Phoenix, Arizona dedim.
Ardından neden gitmek istediğimi sordu.
Konferansa katılacağımı belirttim.
Ne işle meşgul olduğumu sordu.
Özel bir hastanede pazarlama yöneticisi olduğumu söyledim.
Daha önce yurtdışına çıktın mı dedi?
Evet, Yunanistan'a gittim dedim.
İşte bu noktadan sonra işler boka sardı.:)
Yurtdışında hiç etkinliğe katıldın mı dedi?
Hayır katılmadım, ama yurtiçinde çok sayıda konferansa katıldım dedim.
İngilizce biliyor musun dedi.
İşte ret aldığım an bu andı.
Orada biraz duraksadım. Çünkü ingilizce seviyemi mi söylesem diye düşündüm.
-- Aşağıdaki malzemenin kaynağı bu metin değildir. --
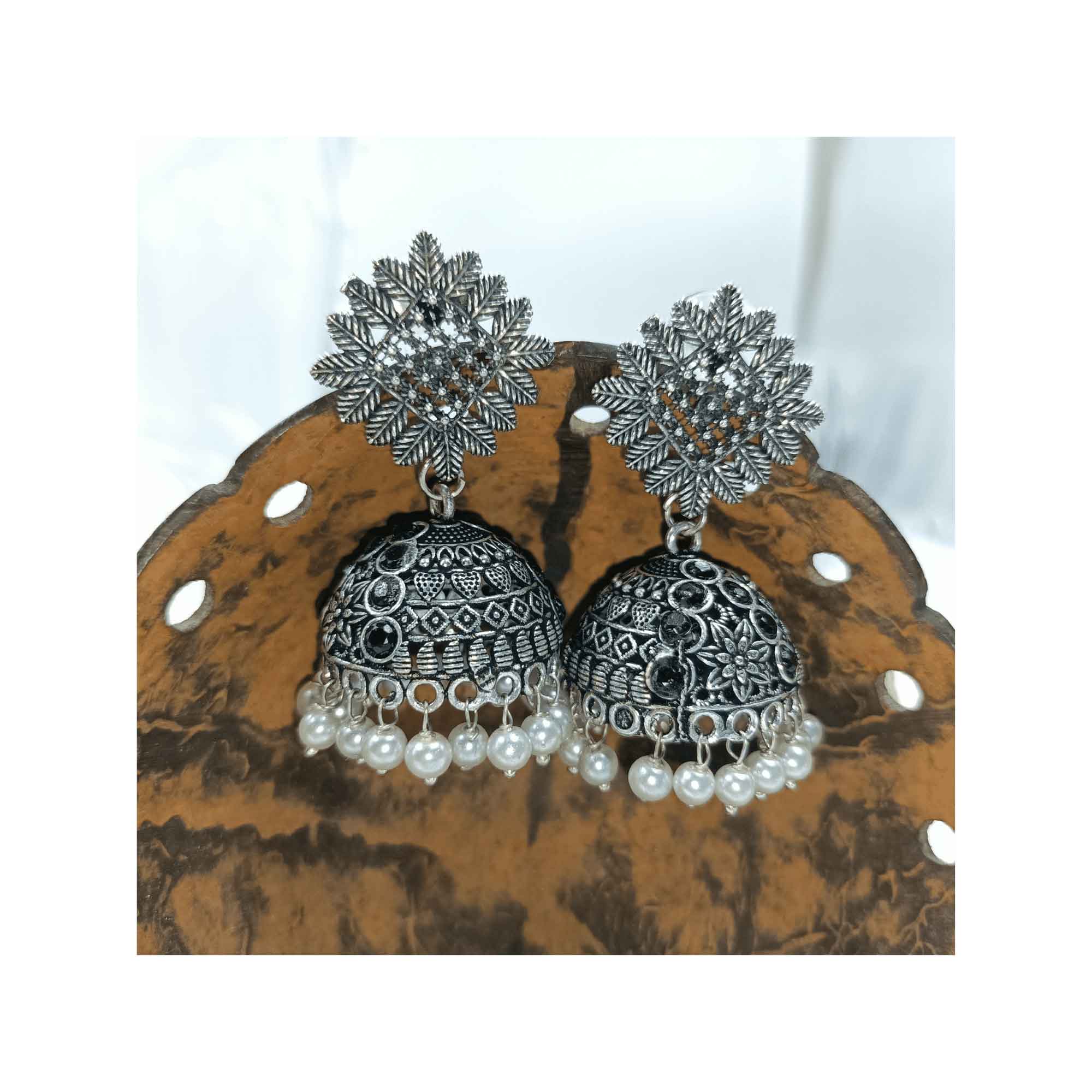 3. Handcrafted with meticulous attention to detail, our oxidized silver look Chandbali zhumki earrings exude a vintage appeal that effortlessly complements both traditional and contemporary outfits.

Sonra kısaca biliyorum dedim.
O bana baktı. Ben ona baktım.
Maalesef veremiyoruz dedi.
Muhtemelen memur orada benden ingilizce bir cevap bekledi.
Ben ingilizce cevap vermeyince o da ikna olmadı.
Ret aldığım halde vize almanın zor olmadığını düşünüyorum.
Çünkü çok fazla kişinin vize aldığını gördüm.
Gözlemlerime göre yaşlılar çok kolay vize alıyorlar.
70 yaş üzeri iki çift vardı.
Çiftlerden biri oldukça modern görünüşlüydü, diğeri ise bayağı kırsal kesimden gelmiş gibiydiler. Her iki çiftte vize aldı.
Gördüğüm iki öğrenci vardı. Her ikisi de öğrenci vizesi aldılar. Fakat şunu net olarak söyleyebilirim. Öğrencileri çok fazla zorluyorlar. Normal vize görüşmeleri 1-2 dakika sürüyorken, öğrenci vizesi için başvuranların vize mülakatları 5-6 dakika sürdü. Ve onların mülakatlar direkt bodoslama ingilizce olarak başlıyor.
Vize görüşmemde bana göre üç hatam vardı.
Birincisi yurtdışına etkinlik için hiç gitmemiş olmamdı. İkincisi ingilizce bildiğimi ortaya koyamamış olmamdı. Üçüncüsü de taktiksel olarak vize memurunun tuzağına düşmüş olmamdı.
Vize memuru çok hızlı mülakat gerçekleştirdi. Peşpeşe hızlı hızlı sorular sordu. Bende ona hızlı bir şekilde cevap vereyim diye düşünmeden yanıtlar verdim. Açıkçası onun bu taktiğini iyi yönetemedim.
Neyse kısmet değilmiş.
Daha iyi hazırlanıp yeniden başvuracağım.